After all, if the corporation is not a legal separate person, funds flow directly to the shareholder (similar to a partnership or sole proprietorship).  Now we could create a legal structure to allow these funds to be held at the corporate level by arguing that each person really simply owns a certain percentage (share) of the corporation and can only realize gains or losses by selling.  This would treat corporations as what they really are: assets of the owners.

While many conservatives would like to rid themselves of the corporate income tax, they simultaneously do not understand that if they do this, they lose the rationale for limited liability.  Limited liability is a benefit but not as great as it might at first appear.  What it really does is help not the common stockholder (who can always sell before his or her stock value goes to zero) but rather the last stockholders who is left holding the proverbial bag.  Yet what limited liability does is exaccerbate the asymmetry between short sellers and long buyers.  Short sellers already have unlimited liability (theoretically) and limited potential benefit (when the stock price goes to zero).  Long buyers have limited liability and unlimited potential benefit.  Eliminating corporate personhoood will reduce this asymmetry.
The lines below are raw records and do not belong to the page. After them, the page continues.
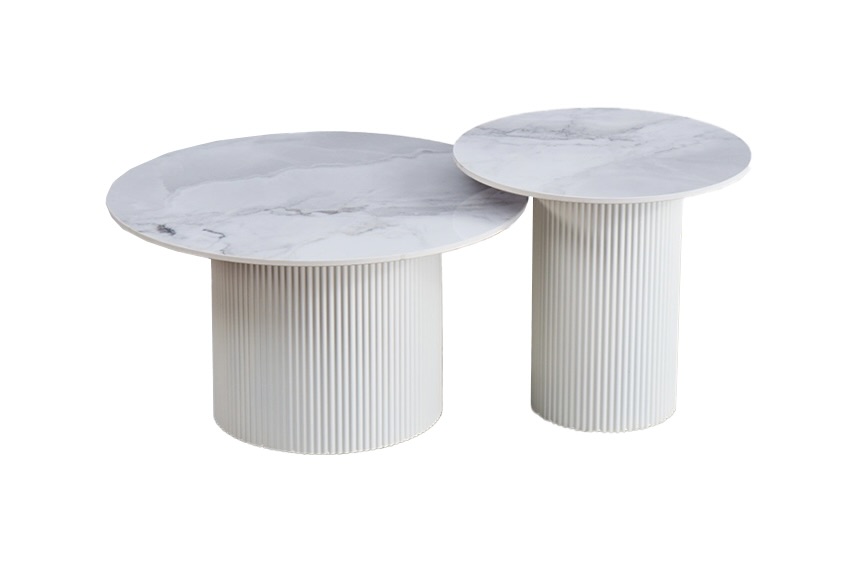 (1 avis)Table à manger ronde en céramique et travertin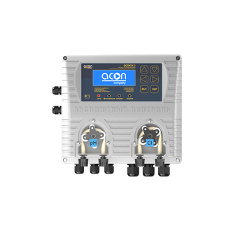 Универсальная станция химической дозации для контроля и поддержания рН (Водородный показатель) и окислительно-восстановительного потенциала (ОВП) Rx воды плавательных бассейнов объемом от 1 до 250м3. С двумя перистальтическим дозирующими насосами, производительностью 2,2л/ч. Возможно назначение второго дозирующего насоса на любой вид химии для плавательного бассейна (по умолчанию: 1 – рН (не переназначается), 2 – Cl (гипохлорит натрия)).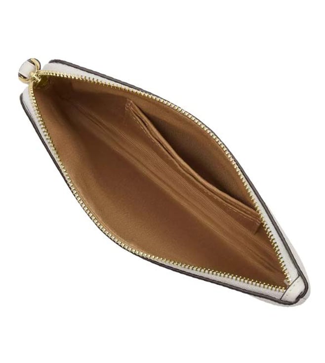 Accessorize perfectly with this white graphic print corner zip wristlet by Coach crafted in leather featuring zip closure, 2 credit card slots, wrist strap and logo detailing. Dimensions: 19.68 x 12.06 x 1.27 cm. Products purchased from Darveys are supported exclusively by the warranty/exchange policies of Darveys and its partner boutiques. Brand owners and their channel partners are not responsible for exchange/warranty services for items purchased through Darveys.

Here are a few questions that I have received concerning this proposal:

Couldn't companies simply get limited liability through contract?

The answer is no.  While a company can negotiate limited liability with suppliers and customers, third parties who are injured cannot be so casually dismissed.

Couldn't executives simply find a way around these restrictions?

Well, they could purchase insurance but who would insure them?  Since they are the ones making the decision that would lead to the corporation's demise, it would be foolish to provide insurance.  After all, you would be stepping directly into moral hazard.  They, of course, could also reduce their exposure below the 1% threshold provided they resign their office immediately.  However, they cannot keep their office and their benefits without incurring the costs.  Receiving reward without risk is immoral and must not be allowed to continue.

The point is that those who want the rewards should take the risks.  No risk = no reward.  It works for shareholders.  Why not corporate executives?

Monday, April 11, 2011

The Evils of Corporate Personhood (and the legal solution)

The fact that corporations have personhood and not limited liability is the root of the problems with respect to modern capitalism.  Limited liability actually emanates from this idiotic idea because one person cannot be responsible for the debts of another unless that person co-signs on the loan application.  Yet, while limited liability leads itself to the problem of excessive risk-taking (because you gain all of the upside and limit your downside), it is corporate personhood that is actually even more problematic.

As I sit here in the Wyhdham Resort and Casino in The Bahamas typing this blog, I am reminded of something I tell my students in my classes about the problems of corporate CEOs receiving stock options.  Since they receive only upside (stock prices can only go to zero in the extreme on the downside), it would be like handing $50,000 to each of them and telling them to go to the casino and whatever they win with my money we will split but if they lose the money, they are not liable for my losses.

I would want them to play Blackjack -- they will go for Roulette and the Slot Machines. By going for the riskiest games, they increase their chances of large scale gain.  After all, it isn't their money.

What personhood does for the corporation is allow it to declare bankruptcy even before it destroys its common stock.  Thus, corporate stockholders get effectively two bites of the apples -- no, actually three, for they can always turn around and sell to another sucker in the market (only the last one holding the stock has a 100% loss).  Of course, eliminating limited liability entirely might prove too drastic a step for those who wish to be market participants but who have little in the way of actual assets.  We can solve this problem by limiting limited liability only to shareholders who hold less than 1% of the overall common stock and who do not hold a senior management position at the C-level (CEO, CFO, CIO, etc.) or above (e.g., President, Chairman).   Such di minimus participation is incompatible with being able to fundamentally alter the overall course of the business.

Furthermore, do not allow senior managers to be senior managers unless they have at least 1% of the overall common stock (make them have "skin in the game", so to speak) and then apportion the excess of limited liability to those senior managers.  Sell so that you drop to less than 1% and you have to immediately resign your senior leadership position.

Now the personhood issue can actually be put to bed quite easily.  After all, the US Constitution prohibits slavery and involuntary servitude (13th Amendment).  If corporations are persons and they are owned by other persons (stockholders), isn't the corporation by definition a slave to the stockholders?  Wasn't that outlawed by the 13th Amendment except in cases of punishment for a crime?  I think that you cannot make a case that corporations are slaves because of such punishment, ergo, corporations are illegal in the United States.  I rest my case (at least in the US case).